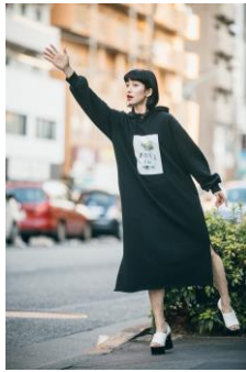
商品名:HARE×加賀美健×長谷川有里 ワンピース カラー：グレー、ブラック 価格：¥8,500+tax（レディース）
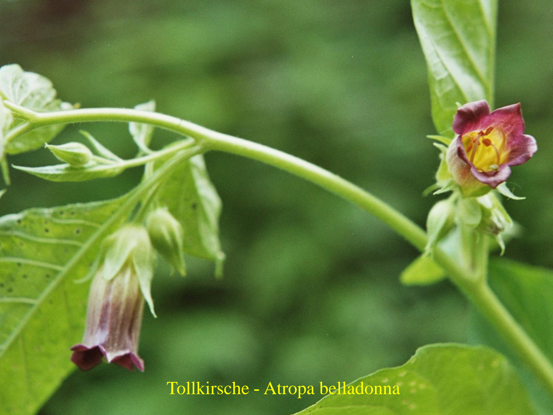
Tollkirsche - Atropa belladonna
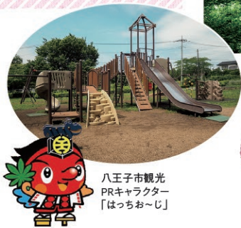
八王子市観光PRキャラクター「はっちお〜じ」
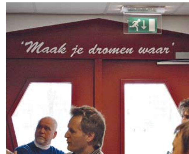
Unelmista totta. Tämän lukee jokainen aina kentälle mennessään.

Seuralla on kahdeksan ammattilaisitarkkailijaa Hollannissa, jotka keskittyvät 16-21-vuotiaisiin pelaajiin. Pelaajia tarkkaillaan ja arvioidaan samojen kriteerien pohjalta kuin seuran omia pelaajikin.
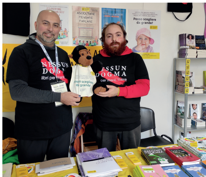
Banchetto a Lucca Comics & Games.
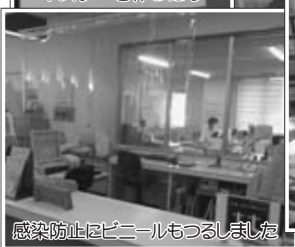
感染防止にビニールもつるしました
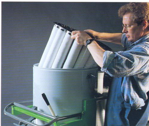
Filtre à manches
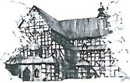
Kościół Pokoju pw. Św. Trójcy Wpisany na listę UNESCO

Proszę o wprowadzenie do porządku obrad LIV Sesji Rady Miejskiej w Świdnicy, planowanej na dzień 26 maja 2023 r., projektu uchwały w sprawie udzielenia z budżetu Miasta Świdnicy na 2023 r., dotacji celowych na planowane prace konserwatorskie, restauratorskie i roboty budowlane przy zabytkach zlokalizowanych na terenie Świdnicy, wpisanych do rejestru zabytków lub znajdujących się w gminnej ewidencji zabytków.
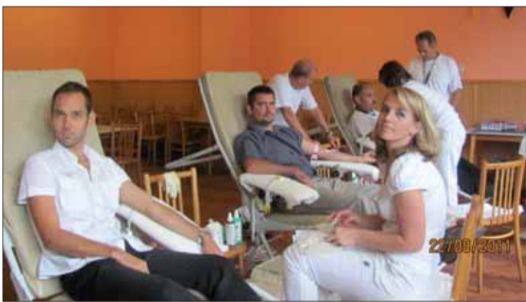
Už siedmykrát sa konala vo Svidníku Duklianska kvapka krvi.
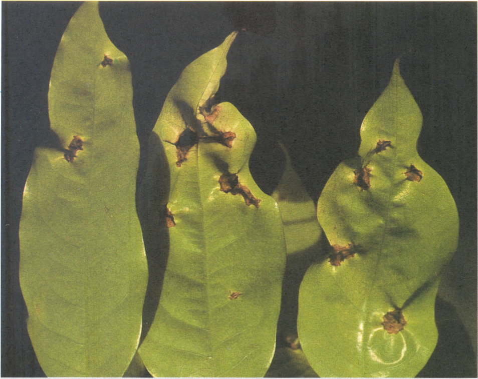
Fig. 5.2 Mancha escura das folhas de acauzeiro causada por Phomopsis sp.

com superfície lobulada, desprovidos de septos, medindo 14\mu\text{m} - 16\mu\text{m} \times 4\mu\text{m} - 8\mu\text{m} . Embora as folhas apresentem numerosas manchas, o patógeno não causa queda da folhagem. Os prejuízos restringem-se à redução da área fotossintética.
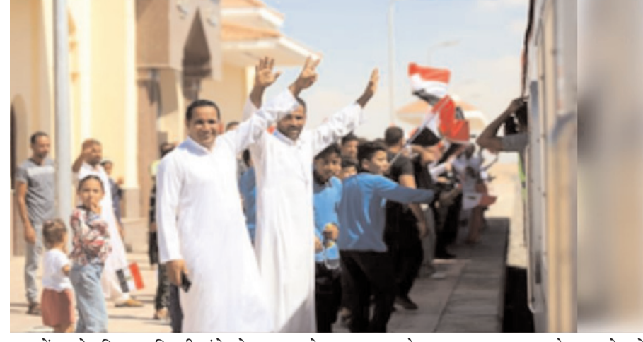
रूप में अपने परिवहन बुनियादी ढांचे को उन्नत करने के लिए काम कर रहा है। 1973 के अरब-इजरायल युद्ध के बाद क्षेत्र में संघर्ष और सैन्य अभियानों के कारण सिनाई में ट्रेन

काहिरा, एजेंसी। मिस्र के उत्तरी सिनाई में आधी सदी से भी अधिक समय बाद फिर से रेल सेवा शुरू होगी। यहां 100 किलोमीटर लंबे रेलमार्ग का ट्रायल ऑपरेशन शुरू हो गया है। मिस्र के परिवहन और उद्योग मंत्री कामेल अल-वजीर ने उद्घाटन समारोह में कहा, इस लाइन के शुरू होने से सिनाई से अन्य प्रांतों तक लोगों और माल की आवाजाही आसान हो जाएगी, नए शहरी इलाकों और औद्योगिक क्षेत्रों के विकास को बढ़ावा मिलेगा, उत्तरी सिनाई में आर्थिक परियोजनाओं को समर्थन मिलेगा। सिन्हुआ समाचार एजेंसी की रिपोर्ट के अनुसार, अल-फरदान-बीर अल-अब्द लाइन सिनाई प्रायद्वीप में रेल संपर्क को आधुनिक बनाने और विस्तार देने के उद्देश्य से एक बड़े प्रोजेक्ट का पहला चरण है। मिस्र के परिवहन और उद्योग मंत्रालय ने अल-फरदान को ताबा से जोड़ते हुए लाइन को लगभग 500 किलोमीटर तक विस्तारित करने की घोषणा की। मिस्र एक व्यापक आर्थिक सुधार कार्यक्रम के हिस्से के
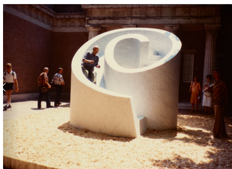
13 Noguchi testet Slide Mantra bei Isamu Noguchi: What is Sculpture? , US-Pavillion, Biennale Venedig, 1986

Alle Urheberrechte bleiben vorbehalten. Die Bildlegende muss vollständig übernommen und das Werk wie abgebildet reproduziert werden. Die Bilder dürfen nur im Zusammenhang mit der Berichterstattung zur Ausstellung Isamu Noguchi verwendet werden.
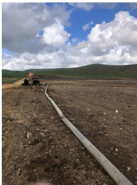
Figura 12 - Tubulação para escoamento de vinhaça
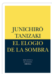
ELOGIO DE LA SOMBRA, EL TANIZAKI, JUNICHIRO
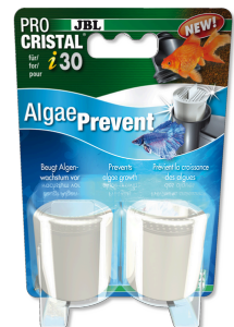
JBL PROCRISTAL i30 AlgaePrevent Cartucho contra las algas en el acuario
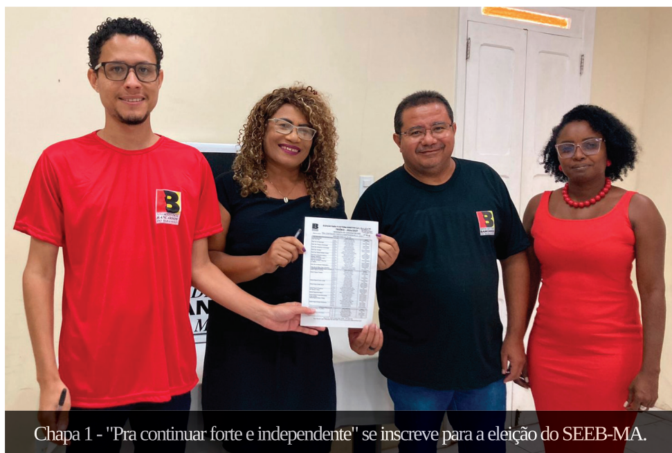
Chapa 1 - "Pra continuar forte e independente" se inscreve para a eleição do SEEB-MA.
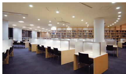
賑やかな雰囲気を創出している図書スペースの照明
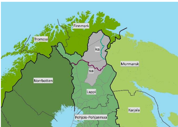
Kuva 1. Pohjois-Lapin maakuntakaava-alue ja vaikutusalueet.

Lapissa maakuntakaavoitus etenee osa-alueittain. Pohjois-Lapin maakuntakaava-alueeseen kuuluvat Inari, Sodankylä ja Utsjoki. Vaikutusaluetta on Pohjois-Lapin lisäksi koko Lapin maakunta sekä Norjan ja Venäjän lähialueet. Pohjois-Lapin maakuntakaava-alueesta saamelaiden kotiseutualueeseen (Laki saamelaiskäräjistä 17.7.1995/974) kuuluvat Inarin ja Utsjoen kuntien alueet sekä Sodankylän kunnassa sijaitseva Lapin paliskunnan alue. Kolttalaue sijoittuu Inarin kunnan itäosaan.
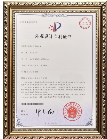
Patente no. : 201630655323.4
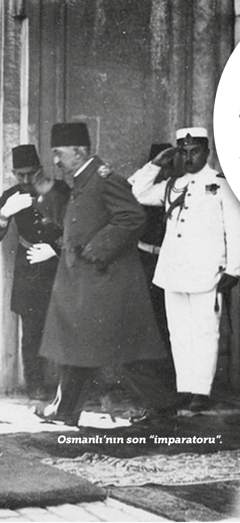
Osmanlı'nın son "imparatoru".

İŞÇİ SINIFI KURTULUŞ MÜCADELESİNDE YÜZÜNÜ GERİ OLANA DÖNEREK, TARİHSEL İLERLEMİYİ YOK SAYARAK ASLA YOL ALAMAZ. VE AYNI İŞÇİ SINIFI, İNSANLIĞIN KAZANIMLARINI KAPİTALİZMİ DEVİRME SORUMLULUK VE İRDESİNİ GÖSTERMEDEN TAŞIYAMAZ.
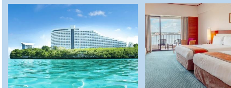
ホテル外観(イメージ)

全室オーシャンフロントの眺望、星の砂のビーチと広大なプール。日系ならではの美食とサービスで極上のリゾートステイを。

WHAT YOU WILL DO:
Print, exactly, each line above from the one with "Tollkirsche - Atropa belladonna" to the one with "感染防止にビニールもつるしました", end lines included. Leave pictures out of it.

EXERCISE ANSWER:
Tollkirsche - Atropa belladonna
八王子市観光PRキャラクター「はっちお〜じ」
Unelmista totta. Tämän lukee jokainen aina kentälle mennessään.

Seuralla on kahdeksan ammattilaisitarkkailijaa Hollannissa, jotka keskittyvät 16-21-vuotiaisiin pelaajiin. Pelaajia tarkkaillaan ja arvioidaan samojen kriteerien pohjalta kuin seuran omia pelaajikin.
Banchetto a Lucca Comics & Games.
感染防止にビニールもつるしました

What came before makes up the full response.